3. Your Holiday Schedule

  • Many of us do not plan our holidays nor do we think about how our days will be like. We simply… go on holiday! If you are to get the most from your time away from work, you need to have a few strategies in place to recharge.
  •  Start your day on a positive note. Don’t rush to check emails or work when you wake up. In fact, don’t rush to do anything when you wake up. Take time to enjoy the easier pace by doing things you enjoy. Even the simple act of sipping your coffee or tea quietly can have a significant positive impact on your overall wellbeing.
  • Be Present. Many people allow their minds to dwell on work while on holiday. Push a mental brake and focus your mind on the moment so that you can fully enjoy being with your family and/or friends without the ghost of work haunting the back of your mind.
  • Unwind. Take time at the end of each day to reflect back on the day and to unwind. For many people, the end of the day is ‘shower and sleep’ or simply ‘sleep.’ Take at least 30 minutes to sit quietly and unwind at the end of the day before you sleep. You will sleep better and feel better when you wake up.

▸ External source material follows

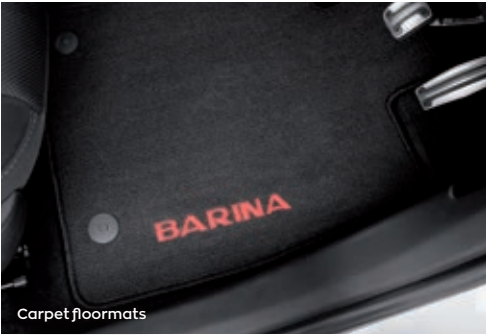
Carpet floor mats

  •  Don’t be a slave to others. For many, going back home means having to meet family obligations and endless invitations that seem only to exhaust us. Family is important, but it needn’t become an hectic cycle of dinners, lunches and get-togethers. If you have an extended family, plan on one or two occasions where you can bring them all to fulfill your obligation and devote the rest of your time to your immediate family and close friends.